In the past, it has been extremely difficult to discriminate between surface and subsurface defects on a wafer in a non-destructive manner (e.g., using an optical inspection system). Some approaches that have been used to determine if defects are surface or subsurface defects involve discriminating between crystal originated particles (COPs) and particle surface defects by comparing light scattered through different sets of solid angles and/or incidence angles.
One example of such a wafer inspection system for distinguishing between pits and particles is illustrated in U.S. Pat. No. 6,509,965 to Fossey et al., which is incorporated by reference as if fully set forth herein. The surface inspection system described by Fossey et al. includes a scanner configured to scan a P-polarized light beam across a surface of a workpiece. The system is configured to detect differences in the angular distribution of light scattered from the workpiece and to distinguish particle defects from pit defects based upon these differences. For example, if the defect is a pit, the amount of light scattered and detected by a center channel collector of the system is typically greater than that detected by a back channel collector of the system.
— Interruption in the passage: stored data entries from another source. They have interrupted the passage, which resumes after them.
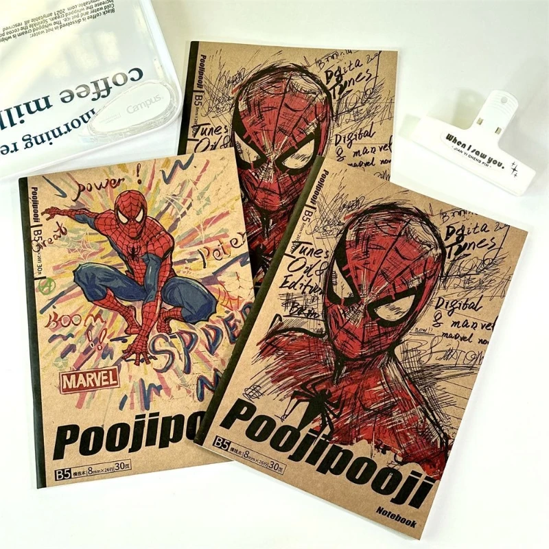 Marvel Spider-Man merchandise anime cartoon cute student kraft paper notebook for boys and girls portable lined diary gift
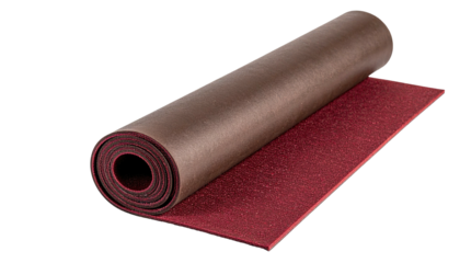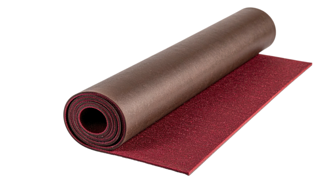 Rolled yoga mat, brown top layer, red base. Black backdrop
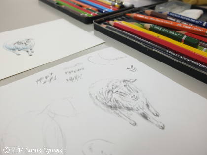 今朝のうちに大急ぎで作例を描いて、その制作過程をまとめた資料も作って持ってきました。 午後からNHK文化センター新さっぽろ教室。 先週お約束した通り、今回は羊の描き方の講釈です。 今宵は実に171年ぶりの「ミラクルムーン」なんだとか。 天体に疎いので詳しいことは分からないのですが…。----おしらせ----【作品掲載】日本の美を伝える和風年賀状素材集「和の趣」未どし版発売中!>>詳細はこちら(※PC/携帯共用)【作品掲載】季刊「スロウ」2014秋号発売中!>>詳細はこちら(※PC/携帯共用)【作品掲載】小学館SJムック「とっておき寝台列車の旅」6/19発売! >>詳細はこちら(※PC/携帯共用)【札幌の水彩色鉛筆画家】 ~イラストレーター鈴木周作~公式サイトも併せて御覧下さい>>[PC|Mobile|北斗星乗車記|えちてつ絵日記]
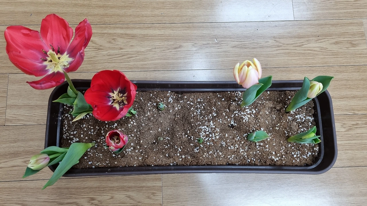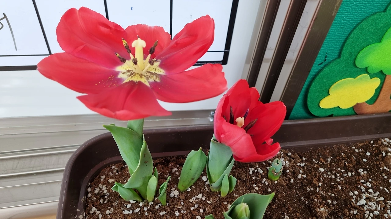 3월 -꽃과 사랑에 빠진 남편이 준 구근과 새싹을 얻어다가 교실에 두었다. 하얀색, 빨간색, 노란색 튤립 구근을 2주간 관찰하면서 ‘쿵푸’라 이름 짓고 쿵푸의 하루하루를 그림과 글로 그렸다.
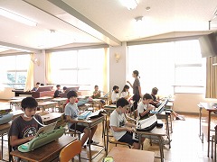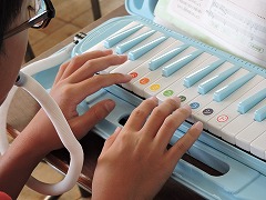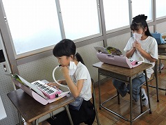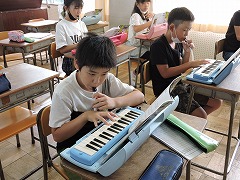 5年生が音楽で鍵盤ハーモニカを吹いていました。パートに分かれながら吹きますが、同時にいくつかの音を出して響きを楽しむ和音を吹きます。まだ吹くことに一生懸命で音の響きを意識することは難しいようですが、友達の出した音に息を合わせて
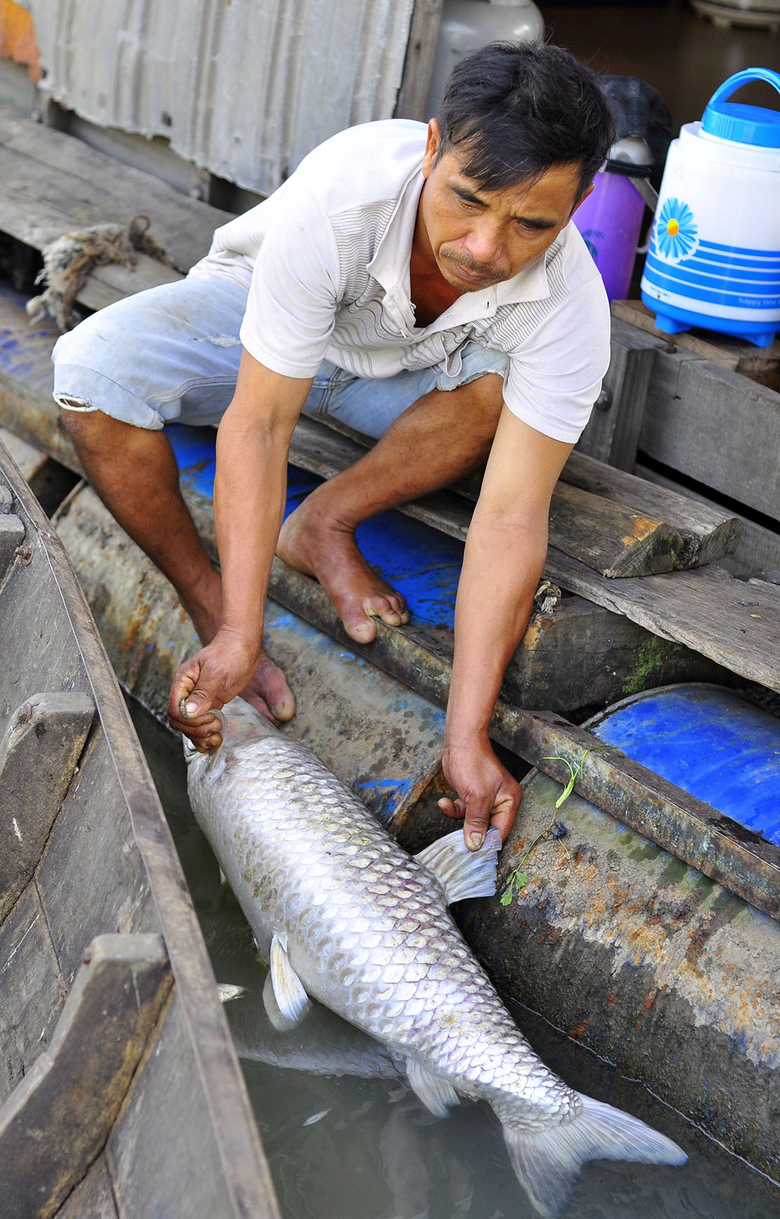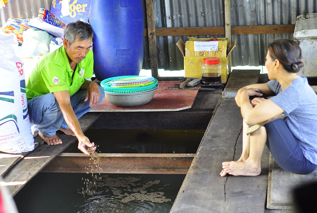 | Ông Dương ném thức ăn xuống bè kiểm tra lượng cá còn lại, nhưng không thấy con nào nổi lên. |

Alternatively, if the defect is a particle, the amount of light detected by the center channel collector is typically less than that detected by the back channel collector and/or a forward channel collector of the system.
Another example of a system for discriminating between holes in and particles on a film covering a substrate is illustrated in U.S. Pat. No. 6,486,946 to Stover et al., which is incorporated by reference as if fully set forth herein. This system is configured to direct P-polarized light or light having a strong P-polarized component onto a filmed substrate at two (or more) different incidence angles, one of which is relatively large and the other of which is relatively small as measured from a surface normal. Light that is scattered into a back region of the hemispherical space above the substrate surface is collected and the intensity of the collected light is measured for each of the two incident angles. A defect can then be classified as either a hole in the film or a particle on the film based on the relatively intensities of the collected light. For instance, for holes formed in the film, the back-scattered light intensity at relatively large incidence (i.e., highly oblique incidence) is substantially smaller than the back-scattered light intensity at relatively small incidence (i.e., normal or near normal incidence). For particles, however, there is no such substantial decrease in intensity, and in many cases, the intensity actually increases slightly from small to large incidence. Accordingly, a defect can be classified as either a hole or a particle by measuring backscattered light intensity for both incidence angles and looking for a substantial decrease in intensity. If there is no such decrease, the defect is a particle. On the other hand, if there is a substantial decrease, the defect is a hole.
There are, however, a number of disadvantages to the currently available methods and systems for distinguishing between particle and pit defects. For example, two different types of COPs, one breaking the surface of the wafer and one totally submerged below the surface of the wafer, will both be classified as COPs by the systems and methods that are currently available. Of course, defect review tools and methods can be used to definitively determine if defects are surface or subsurface defects. For example, substantially slow methods such as focused ion beam (FIB) tools can be used to reveal the structure below the surface of the wafer. In addition, scanning electron microscopy (SEM) or atomic force microscopy (AFM) tools can be used to determine if a defect breaks the surface of the wafer, but these tools are also substantially slow. However, a definite need has been expressed for systems that are capable of discriminating between surface and subsurface defects as part of a standard wafer inspection with high accuracy and without using additional and/or substantially slow defect review tools.
Accordingly, it would be advantageous to develop methods and systems for inspection of a wafer that can be used to distinguish between surface and subsurface defects with relatively high accuracy and relatively high throughput.